Using middleBrick’s OpenAPI/Swagger spec analysis, these issues can be cross-referenced with runtime findings. The scanner tests unauthenticated attack surfaces across the 12 checks, including Authentication, Authorization, and Input Validation, to highlight gaps in how JWT is enforced across FeathersJS services.
Jwt Tokens-Specific Remediation in Feathersjs
Remediation focuses on tightening JWT validation, hook ordering, and claim checks within FeathersJS services. Below are concrete code examples that demonstrate secure configurations.
Secure JWT Strategy Initialization
Configure the JWT strategy with strict origin and claim validation. This example uses the @feathersjs/authentication-jwt package and ensures that roles are validated on each request:
// src/authentication.js
const { AuthenticationService, JWTStrategy } = require('@feathersjs/authentication');
const { express } = require('@feathersjs/express');
const app = express();
app.configure(authentication({
secret: process.env.JWT_SECRET,
entity: 'user',
service: 'users',
jwt: {
header: { typ: 'JWT' },
audience: 'https://api.yourdomain.com',
issuer: 'feathersjs-auth',
algorithms: ['HS256']
}
}));
app.use('/authentication', new AuthenticationService({
name: 'authentication',
paginate: { default: 10, max: 50 },
}));
// Ensure the JWT strategy is used and roles are checked
app.service('authentication').hooks({
before: {
create: [authentication.hooks.authenticate(['jwt'])]
}
});
Service-Level Hook Enforcement
Apply authentication hooks to each service and validate roles before allowing access.

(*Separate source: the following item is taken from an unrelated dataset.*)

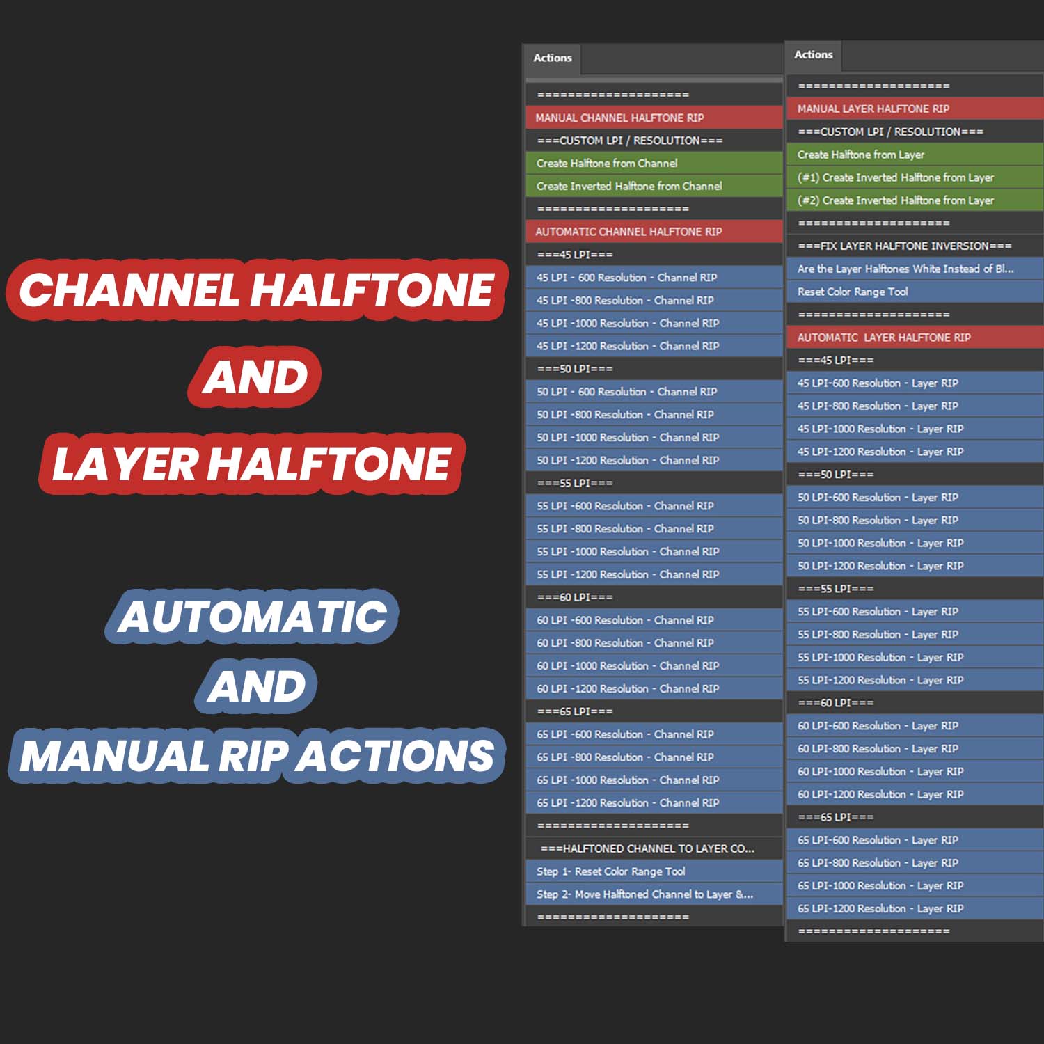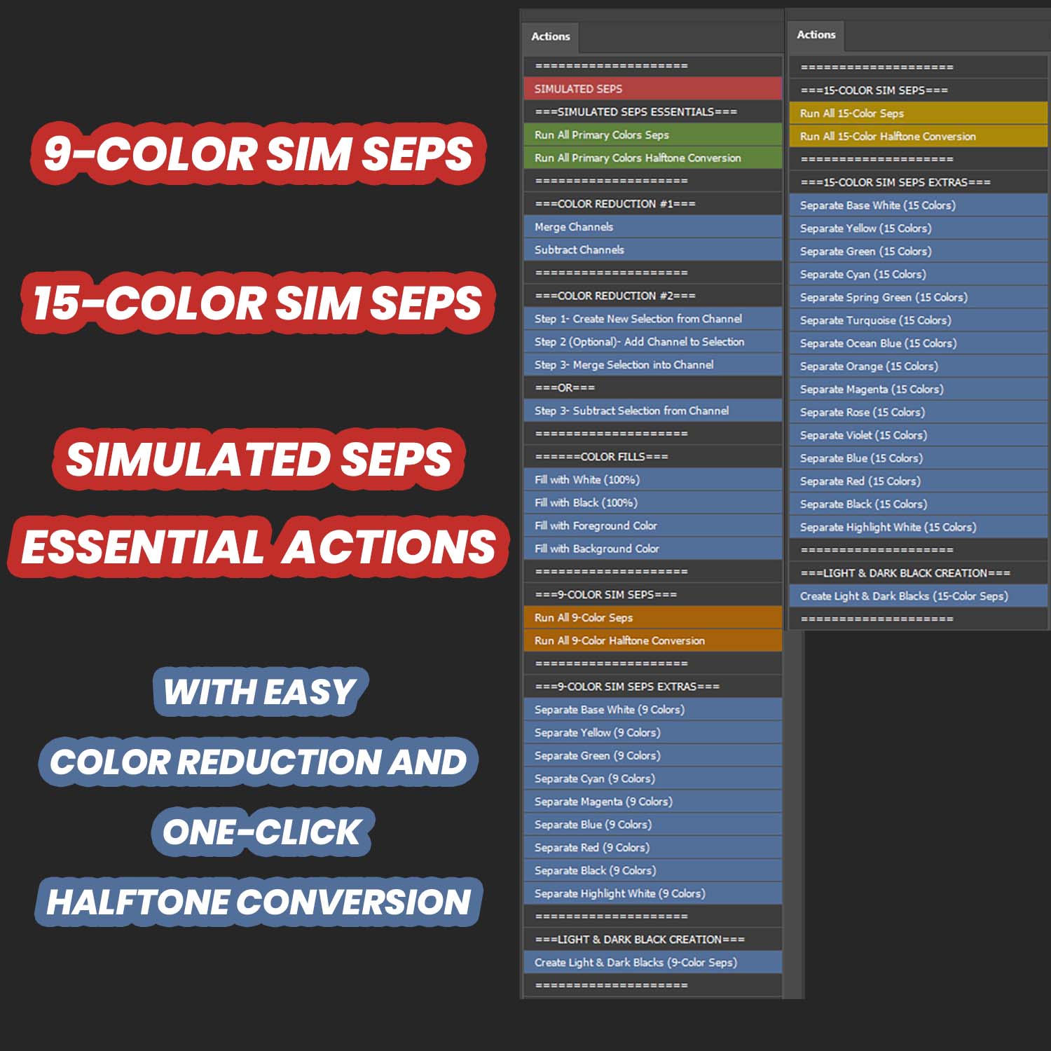 - The Pro Version also includes easy-to-use actions for color reduction and simulated seps halftone conversions, all done with a simple click.

This prevents unauthenticated calls and enforces role-based checks:
// src/services/messages/messages.hooks.js
const { iff, isProvider } = require('feathers-hooks-common');
const { GeneralError } = require('@feathersjs/errors');
const ensureAuthenticated = (context) => {
if (!context.params.user) {
throw new GeneralError('Authentication required', { code: 401 });
}
return context;
};
const ensureAdmin = (context) => {
const { user } = context.params;
if (!user || user.role !== 'admin') {
throw new GeneralError('Forbidden: insufficient permissions', { code: 403 });
}
return context;
};
module.exports = {
before: {
all: [
iff(isProvider('external'), ensureAuthenticated),
iff(isProvider('external'), ensureAdmin) // Apply only where needed
],
find: [],
get: [],
create: [],
update: [],
patch: [],
remove: []
}
};
Ownership Validation to Prevent IDOR
For services accepting an id parameter, validate that the resource belongs to the requesting user. This mitigates BOLA/IDOR issues:
// src/services/messages/messages.hooks.js
const { iff, isProvider, preventChanges } = require('feathers-hooks-common');
const filterToUser = async (context) => {
const { user, id } = context.params;
if (user && id) {
const record = await context.app.service('messages').get(id);
if (record.userId !== user.id) {
throw new GeneralError('Access denied', { code: 403 });
}
}
return context;
};
module.exports = {
before: {
get: [iff(isProvider('external'), filterToUser)],
// similar for patch/remove
}
};
These configurations, combined with CORS restrictions and careful OpenAPI spec generation, reduce the likelihood of misconfiguration. middleBrick’s scans can highlight whether authentication hooks are consistently applied and whether JWT claims are properly validated across endpoints.